In [23]:

```
% run maths_functions.py
```

A vector, also refered to as a column matrix or a row matrix, is a matrix consisting or a single row or a single column of elements. For a vector with m elements, the size of a row vector would be $1\times{m}$, while for a column vector it would be $m \times 1$.

A vector can be represented in many ways, most common notations are an arrow or bar over the variable, or a bolded variable. It can be shown as the individual elements in a row or column.
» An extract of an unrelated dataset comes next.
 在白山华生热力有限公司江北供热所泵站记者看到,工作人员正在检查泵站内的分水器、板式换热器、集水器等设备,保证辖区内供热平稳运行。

On plots, the vector is often shown as an arrow. 2-element vectors are often used in Cartesian/Complex 2D-space, while 3-element vectors are often used for 3D-space. 2D and 3D vectors are also called ** position vectors**. For simplicity, vectors with three elements will be used.
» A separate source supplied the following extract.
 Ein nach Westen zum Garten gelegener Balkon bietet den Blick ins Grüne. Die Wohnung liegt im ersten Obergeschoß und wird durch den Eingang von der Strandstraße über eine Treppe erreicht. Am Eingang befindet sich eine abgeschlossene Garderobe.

$\vec{a}=\bar{a}=\begin{bmatrix} a_{1} \\ a_{2} \\ a_{3} \end{bmatrix} , \vec{b}=\bar{b}=\begin{bmatrix} b_{1} \\ b_{2} \\ b_{3} \end{bmatrix}$

In [22]:

```
a = [2,3]
fig, ax = plt.subplots(1)
ax.arrow(0, 0, a[0], a[1], head_width=0.05, head_length=0.1, fc='k', ec='k')
ax.set_xlim(0,4)
ax.set_ylim(0,4)
ax.set_title('2D Vector representation')
plt.show()
```

When adding or subtracting vectors, each element is added or subtracted with its counterpart.
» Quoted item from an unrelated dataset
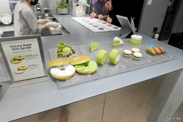 済州島の抹茶(₩7,000)・済州島の抹茶3種類飲み比べ(₩15,000)・緑茶・ブレンド茶・ハーブティー飲み比べ(₩15,000)・抹茶ベーグル(₩5,000)・etc…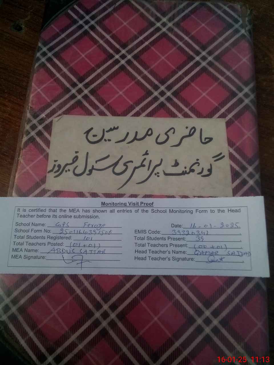 | EMIS Code: 39320342 | Name of School: GPS FEROZE | |||

$\begin{bmatrix} a_1 \\ a_2 \\ a_3 \end{bmatrix} + \begin{bmatrix} b_1 \\ b_2 \\ b_3 \end{bmatrix} = \begin{bmatrix} a_1 + b_1 \\ a_2+b_2 \\ a_3+b_3 \end{bmatrix}$

An easy way to understand how it works is to align all vector arrows on a plot. Their sum is a vector that starts at the first vector's origin point and ends at the tip of the last vector.

A vectors magnitude, also called ** aboslute value** or norm. Norm of vector of a is denoted as $a$, $|\vec{a}|$ or $||\vec{a}||$. In the case of Euclidian space, 2D or 3D case, the magnitude is the square root of the sum of all elements. A vector with magnitude of 1 unit is called a

$a = \sqrt{\sum_0^n a_n^2}$

A transpose of a vector or matrix is a vector or matrix with the same values flipped over the diagonal. In the case of vectors, a row vector is the transpose of a column vector and vice versa. It is denoted with an upscript T ($^T$) or asterix (*).

$\begin{bmatrix} b_{1} \\ b_{2} \\ b_{3} \end{bmatrix}^T = \begin{bmatrix} b_{1} & b_{2} & b_{3}\end{bmatrix}$

Vectors can be multiplied in two different ways. Dot product is the elementwise multiplication and its result is a scalar number. In 3D vectors, it can also be computed as the product of the magnitutes of each vector multiplied by the cosine of the angle between them.

$\vec{a}.\vec{b} = a^Tb = a_1.b_1 + a_2.b_2 + a_3.b_3 = |{\vec{a}}|.|{\vec{b}}|.\cos{\theta}$

A cross product returns a vector that is perpendicular to both input vectors that has a magnitude equal to the product of the input magnitudes multiplied by the sine of the angle between the vectors. The side of the plane on which the perpendicular vector is, depends on the order of the input vectors.

$\vec{a}\times \vec{b} = \vec{a}\vec{b^T} = |a|.|b|.\sin(\theta).\hat{n}$, where $\hat{n}$ is a unit vector in the direction of the new vector.